– И что из этого вы хотели купить? Что означали те буквы и цифры?
– Начало новой Истории, – мечтательно, даже как-то нежно улыбнулась вдруг Мадам. – Звуки, тоны, диакритика неизвестного тебе оккультного языка, из чего потенциальный покупатель заключает, о чем будет История. То, что ты прислал мне… Эта История называется «Душа моей души». Она арабская. История про юношу, который нашел девушку, явившуюся ему во снах. Дорогая История, – Мадам пожевала губами. – Жаль, что ее у вас нет.
Максиму нужно было перевести этот бредовый разговор в более практичное русло. Иначе проклятая бабка никогда бы не прекратила высокопарно повествовать о ценности Историй, в существование которых он не верил.
– Наличными платить? – как-то невпопад, учитывая сумму, спросил он.

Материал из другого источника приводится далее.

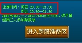 注:跨服战的比赛时间表有误,正确的比赛时间应该是:周一、周二,周四、周五、周日的晚上20:30-21:30,请大家注意!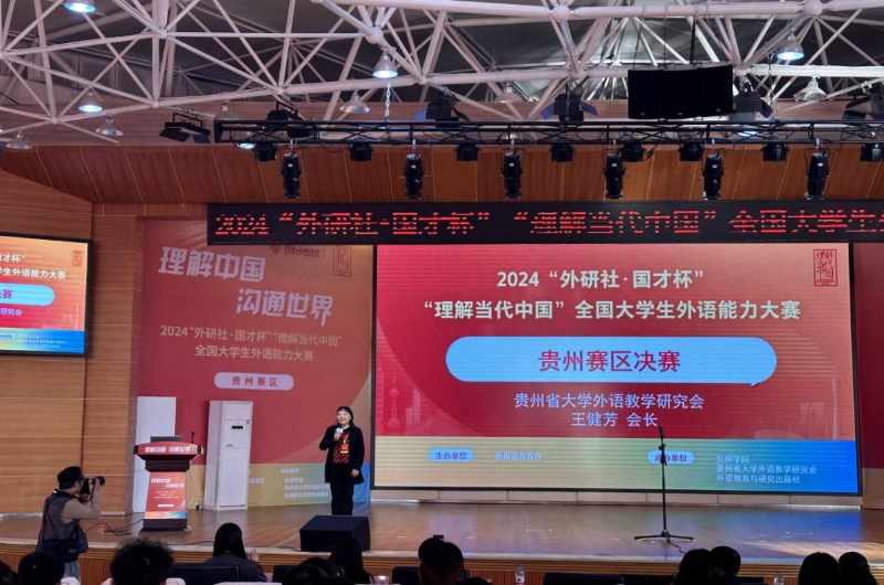 为深入贯彻党的二十大精神,深化高校外语教育改革、提高外语人才自主培养质量,推进高水平对外开放,促进文明交流互鉴,2024年11月2日,由贵州省教育厅高教处学科竞赛委员会牵头主办,贵州省大学外语教学研究会统筹大赛的组织与实施的2024“外研社·国才杯”“理解当代中国”全国大学生外语能力大赛贵州省复赛在安顺学院成功举办。贵州省大学外语教学研究会会长、万象城公共基础教学部王健芳教授在决赛开幕式上为大赛致辞。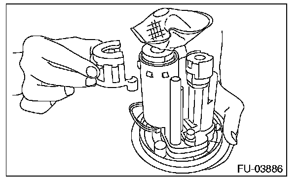 5. Remove the fuel pump holder from the fuel filter assembly.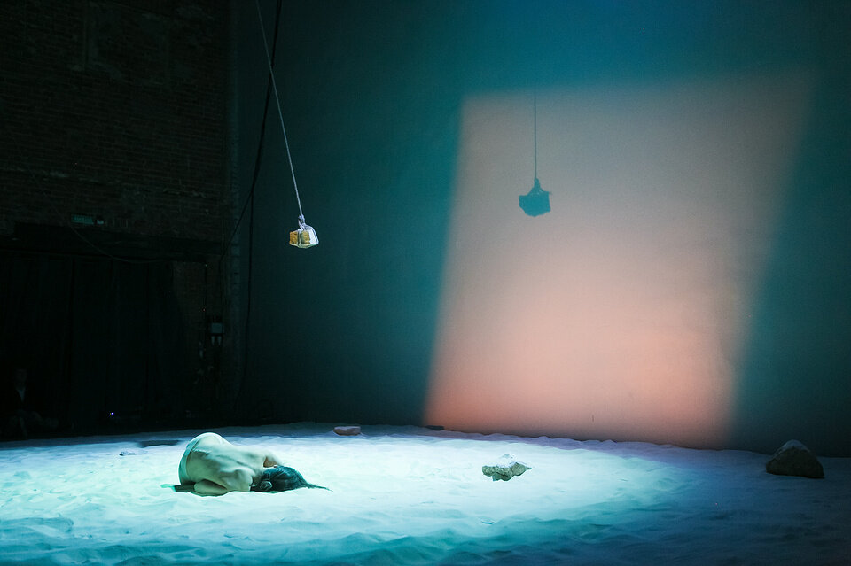 Это абсолютная перформативная сенсация. Как по российским, так и по мировым меркам. Здесь нет режиссера в привычном понимании. Здесь 5 человек — художник по свету, художник-постановщик, композитор, перформер и продюсер Ника Пархомовская — выступают на равных. Каждый вносит свой вклад, и всё начинает работать друг на друга. Все складывается в единое целое порой словно прямо у тебя на глазах. Вот Гарафеева обнаруживает себя в пространстве, созданном Перетрухиной, вот ее начинает вести свет Матиса, а вот она уже вступает в телесный диалог с саундом Ретинского. От происходящего возникает непреодолимое ощущение, что хореография и действие не задуманы заранее, а рождаются прямо здесь и прямо сейчас.

– Ну что вы, я же пенсионерка, – подмигнула Мадам Шварцвальд. – У меня есть счет в С*банке, можно переводом.
…Максим очнулся, стоя перед столом, словно он вошел буквально секунду назад, только в правой руке у него была визитка. Пред ним в клубах сизого дыма сидела Мадам Шварцвальд с брошью на груди, пронзительно смотрела на него. Щека горела.
– Позвоните мне, как надумаете. Буду ждать.
Он сделал движение, будто собираясь к ней подойти, но напоролся на взгляд, который красноречиво говорил, что второго шанса выйти из кабинета живым у него уже не будет. Он вышел.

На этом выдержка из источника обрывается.